*** Dataset extract ***

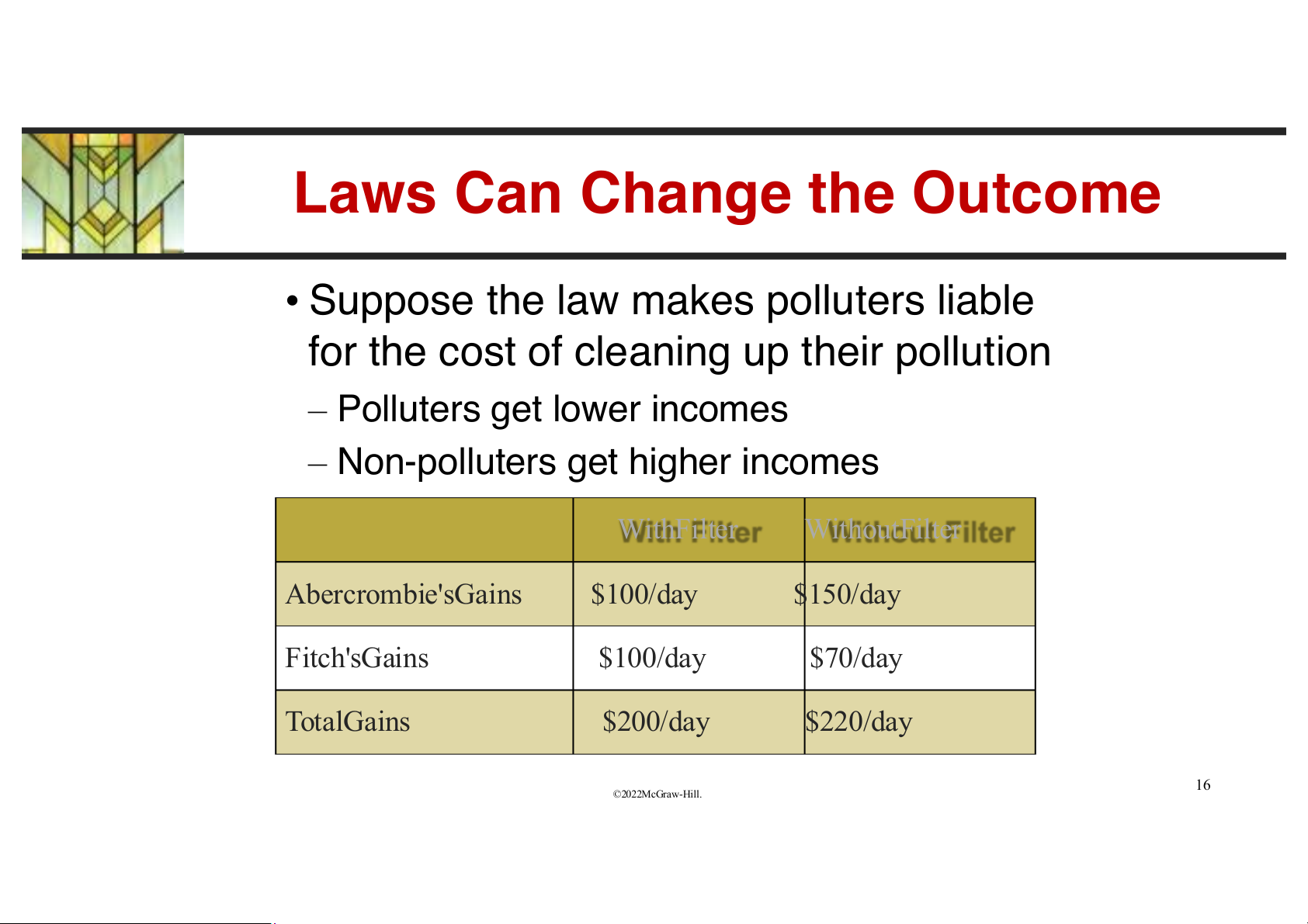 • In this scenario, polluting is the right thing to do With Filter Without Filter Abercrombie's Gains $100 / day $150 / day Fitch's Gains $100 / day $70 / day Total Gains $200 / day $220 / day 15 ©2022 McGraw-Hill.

***
*** Dataset extract ***

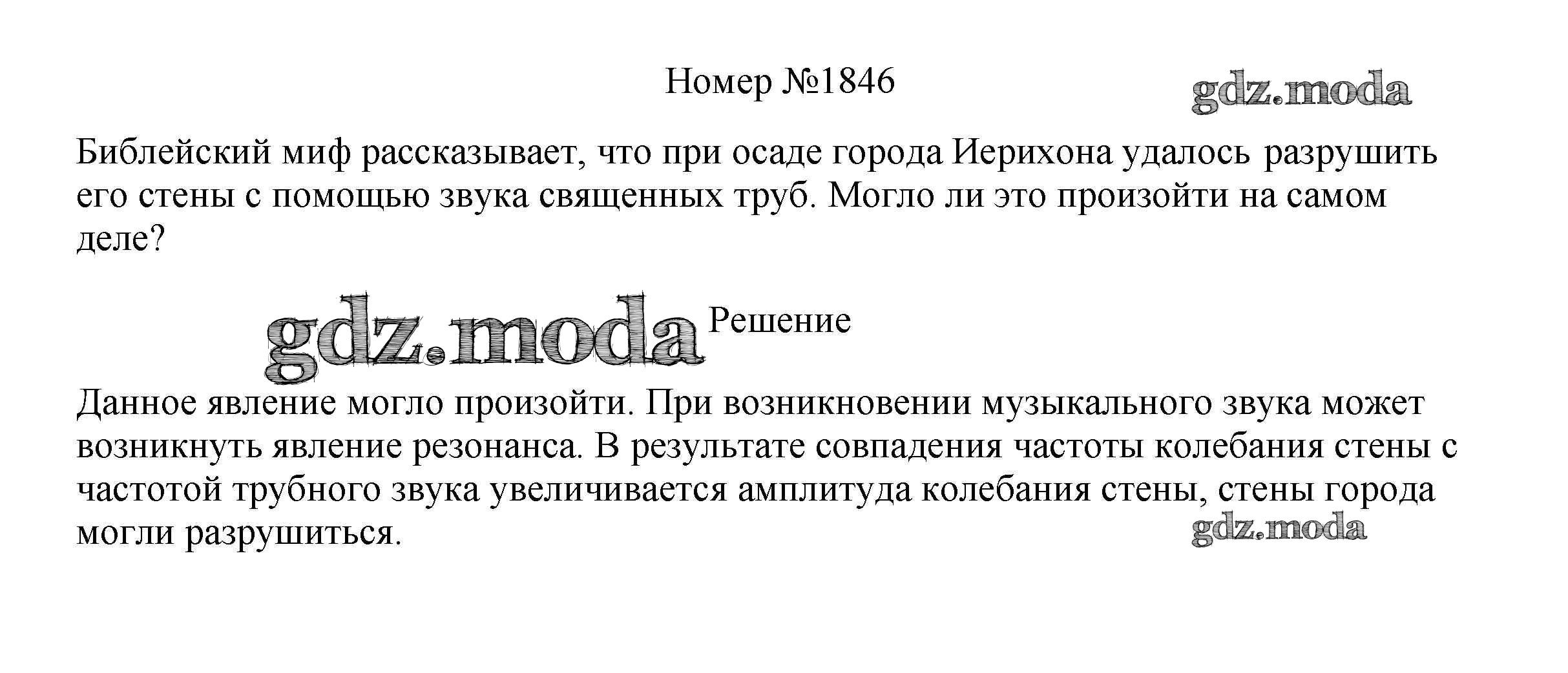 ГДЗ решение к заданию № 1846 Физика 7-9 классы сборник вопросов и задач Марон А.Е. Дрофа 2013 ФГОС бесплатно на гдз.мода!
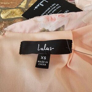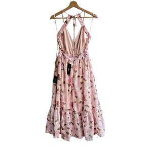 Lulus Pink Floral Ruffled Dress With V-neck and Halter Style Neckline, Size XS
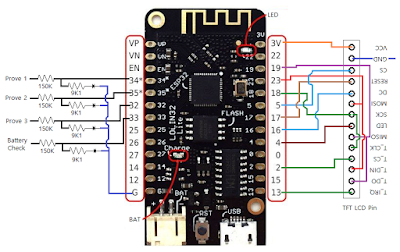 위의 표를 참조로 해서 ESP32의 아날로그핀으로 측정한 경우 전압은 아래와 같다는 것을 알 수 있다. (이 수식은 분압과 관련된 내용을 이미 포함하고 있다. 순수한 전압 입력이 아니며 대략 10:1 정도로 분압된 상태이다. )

***
*** Dataset extract ***

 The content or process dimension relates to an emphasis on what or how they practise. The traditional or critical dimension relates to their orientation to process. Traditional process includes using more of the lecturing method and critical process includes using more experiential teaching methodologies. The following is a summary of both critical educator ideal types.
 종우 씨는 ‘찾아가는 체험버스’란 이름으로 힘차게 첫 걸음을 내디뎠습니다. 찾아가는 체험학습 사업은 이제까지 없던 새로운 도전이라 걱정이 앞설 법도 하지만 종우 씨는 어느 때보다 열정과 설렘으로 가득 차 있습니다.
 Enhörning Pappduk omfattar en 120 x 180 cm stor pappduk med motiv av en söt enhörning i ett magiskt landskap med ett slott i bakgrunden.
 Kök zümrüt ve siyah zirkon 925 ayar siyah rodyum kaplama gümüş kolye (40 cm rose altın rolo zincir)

***

** Exercise instructions **
In the material above, which lines fall between the one holding "ГДЗ решение к" and the one holding "위의 표를 참조로 해서", inclusive? Print exactly those, with the pictures left out.

** Answer box **
 ГДЗ решение к заданию № 1846 Физика 7-9 классы сборник вопросов и задач Марон А.Е. Дрофа 2013 ФГОС бесплатно на гдз.мода!
 Lulus Pink Floral Ruffled Dress With V-neck and Halter Style Neckline, Size XS
 위의 표를 참조로 해서 ESP32의 아날로그핀으로 측정한 경우 전압은 아래와 같다는 것을 알 수 있다. (이 수식은 분압과 관련된 내용을 이미 포함하고 있다. 순수한 전압 입력이 아니며 대략 10:1 정도로 분압된 상태이다. )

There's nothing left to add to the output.